## [THE RECORDS]

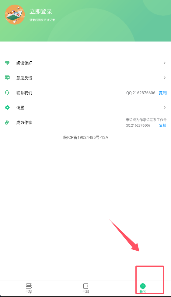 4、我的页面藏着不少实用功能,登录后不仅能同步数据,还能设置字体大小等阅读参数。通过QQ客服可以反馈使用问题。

...

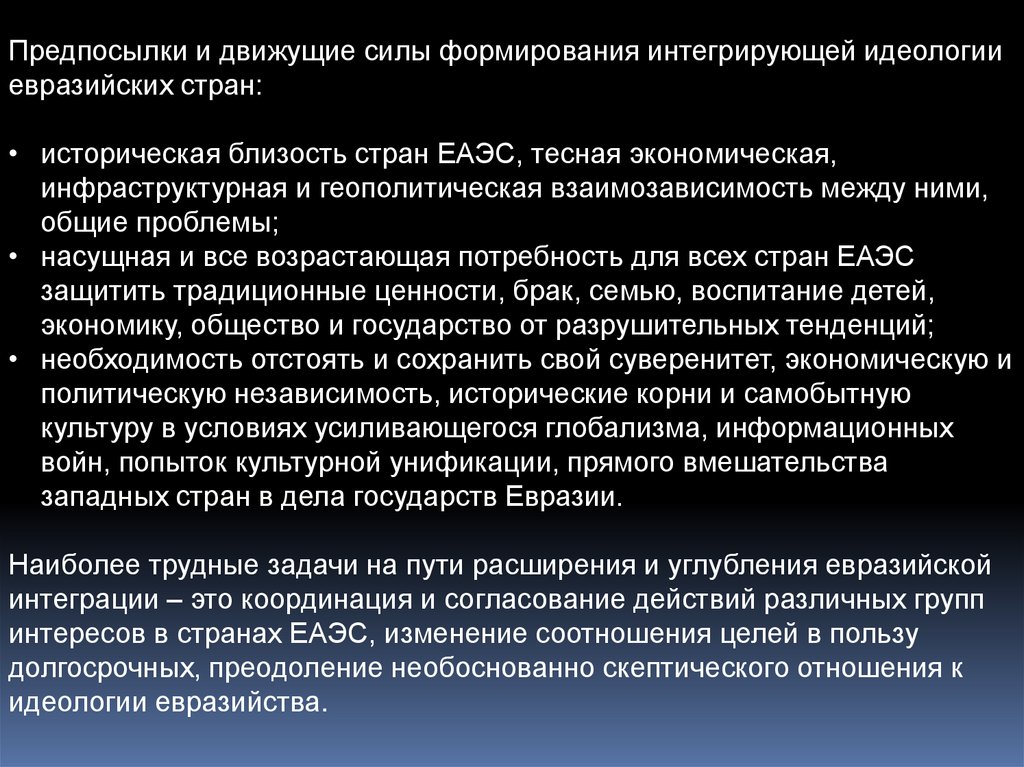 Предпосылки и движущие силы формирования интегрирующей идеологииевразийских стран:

---

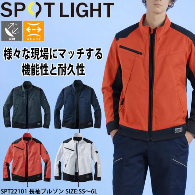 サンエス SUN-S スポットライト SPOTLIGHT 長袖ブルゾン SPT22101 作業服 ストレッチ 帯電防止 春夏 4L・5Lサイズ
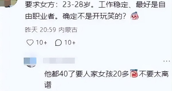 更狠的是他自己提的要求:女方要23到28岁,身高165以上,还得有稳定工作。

## [REQUIRED WORK]
When copying from the data above, print only the lines from the line containing "サンエス SUN-S スポットライト" to the line containing "更狠的是他自己提的要求:女方要23到28岁,身高165以上,还得有稳定工作。", exactly, and leave the pictures out.

## [SOLUTION TO THE PROBLEM]
 サンエス SUN-S スポットライト SPOTLIGHT 長袖ブルゾン SPT22101 作業服 ストレッチ 帯電防止 春夏 4L・5Lサイズ
 更狠的是他自己提的要求:女方要23到28岁,身高165以上,还得有稳定工作。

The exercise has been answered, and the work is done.